- _Data segment_:
* * * *

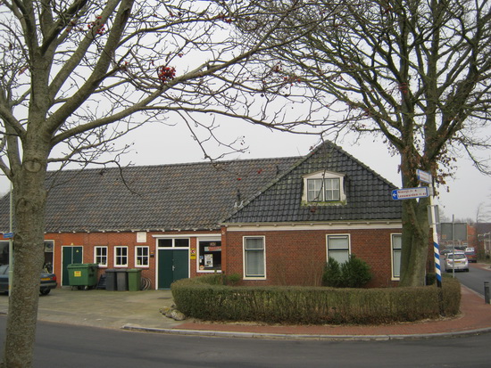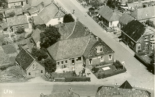 Heel oude luchtfoto van meer dan 62 jaar geleden…. Hier heeft Hanna de jonge kastanje nog niet geplant! En de eik staat er ook nog niet! Links de schuur van de wagenmakerij van Schuitema. De stammetjes die erbij liggen zijn dus andere dan die van de gekapte kastanje…. Later verkocht Schuitema land + opstallen aan Sijtze de Vries die hier de uitbreiding van zijn zaak met een showroom realiseerde.
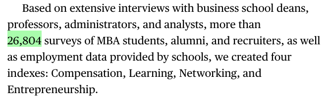 为了这份榜单的准确性,Bloomberg在今年,通过调查26,804名全职在读MBA学生、校友和招聘人员,基于他们的回答,并综合每所学校学生毕业后的薪酬和就业数据,才最终有了这份榜单。
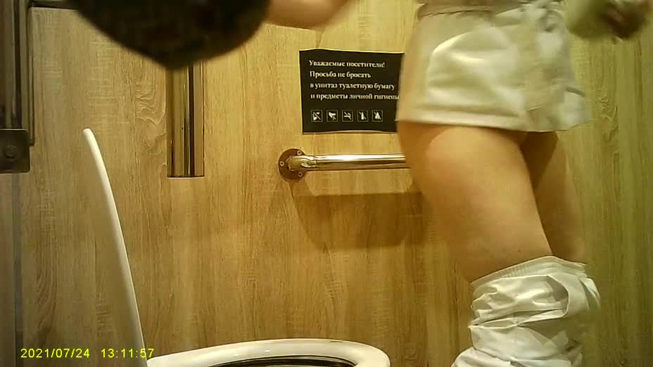 Женщина забежала в туалет по нужде, и попалась на скрытую камеру.
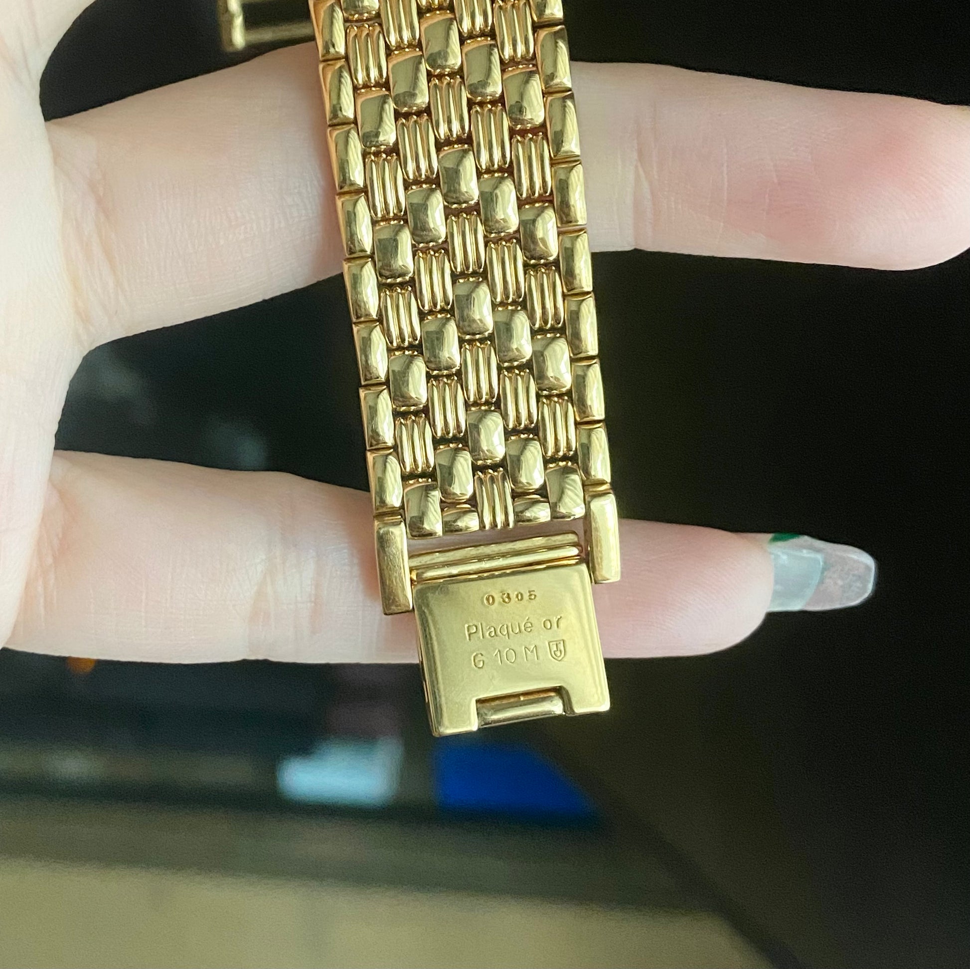 Dial: Matte gold tone with texture, 2 gold tone hands. Date complication. Stones indices.

* * * *

- _Problem to work on_: Please output the listing above exactly from its first line through the line with "为了这份榜单的准确性,Blo", both included, and nothing beyond that line. Omit pictures.

- _Solution for this task_:
 Heel oude luchtfoto van meer dan 62 jaar geleden…. Hier heeft Hanna de jonge kastanje nog niet geplant! En de eik staat er ook nog niet! Links de schuur van de wagenmakerij van Schuitema. De stammetjes die erbij liggen zijn dus andere dan die van de gekapte kastanje…. Later verkocht Schuitema land + opstallen aan Sijtze de Vries die hier de uitbreiding van zijn zaak met een showroom realiseerde.
 为了这份榜单的准确性,Bloomberg在今年,通过调查26,804名全职在读MBA学生、校友和招聘人员,基于他们的回答,并综合每所学校学生毕业后的薪酬和就业数据,才最终有了这份榜单。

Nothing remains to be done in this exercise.